A Practical Scorecard
For RAG quality, a single “was it good?” judge was too vague. A better model was a small scorecard:
Answer relevance
Did the answer address the user's question?
Context relevance
Were the retrieved chunks actually about the question?
Faithfulness / grounding
Were answer claims supported by retrieved material?
Citation or source accuracy
Did source references support the nearby claims?
Deterministic retrieval metrics
Did known gold chunks appear in the top K?
The useful dashboard was a composite score plus the underlying dimensions. The composite helped with trend detection. The dimensions told you what to fix.
One threshold change illustrates the point. A low similarity floor improved apparent hit rate, but it allowed borderline chunks to anchor weak answers. Raising the floor reduced some hit metrics while improving answer quality on the cases that remained grounded. Without multiple metrics, that would have looked like a regression.
Sanitized Config Pattern
The production config had more knobs, but the useful public pattern is small:
@dataclass(frozen=True)
class EvalConfig:
retrieval_k: int = 8
min_similarity: float = 0.35
run_live_judges: bool = True
run_citation_judge: bool = True
publish_scores: bool = False
@dataclass(frozen=True)
class RouteDecision:
label: str
model_tier: str
prompt_tier: str
allow_user_tools: bool
allow_clinical_kb: bool
allow_web_search: bool
The key is keeping the route decision explicit. You want to log the model tier, prompt tier, and tool availability separately because they fail separately.
What Failed Or Changed
Several assumptions did not survive contact with production:
- “The model can decide when to retrieve” was not enough. Some health guidance needed pre-generation retrieval priming so the first streamed token was already grounded.

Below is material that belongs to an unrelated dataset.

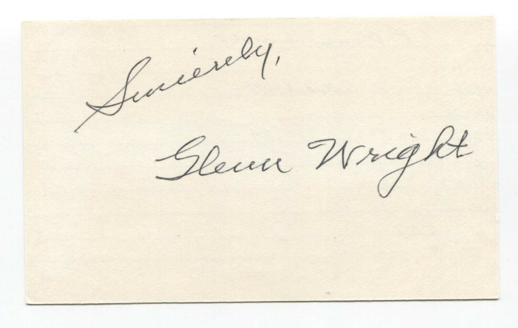Up for sale is an autographed index card, boldly signed by Glenn Wright.  Autograph was part of a large collection of cut autographs and index cards, over 200 baseball signatures that I was fortunate to purchase in it's entirety.

- “Citations in text are enough” was brittle. Structured source metadata was a better client contract than relying on visible footers or inline markers.
- “One eval score is enough” hid failures. Retrieval quality, answer quality, and citation/source quality needed separate signals.

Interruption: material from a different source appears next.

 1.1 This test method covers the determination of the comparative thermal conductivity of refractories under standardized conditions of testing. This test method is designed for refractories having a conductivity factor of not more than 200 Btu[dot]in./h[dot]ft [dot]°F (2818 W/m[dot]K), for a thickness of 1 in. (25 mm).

- “Retry on timeout” sounded safe but could make streaming worse after partial output. Once the user has seen tokens, preserve the partial answer and emit an honest terminal state.
- “More tools is better” created tool overuse. The better pattern was route first, then attach only the tools that route could justify.
Operational Lessons
The biggest production lesson was that routing is a product surface, not just an implementation detail. It decides latency, cost, safety posture, and evidence quality.
The second lesson was that evals should be designed like observability. A score without route labels, trace tags, tool results, source metadata, and run metadata is hard to act on.
The third lesson was that deterministic systems and LLM systems should not be treated as enemies. The most reliable healthcare assistant path used both: deterministic gates for safety and product logic, LLMs for language and reasoning, retrieval for evidence, and evals to keep the whole system honest.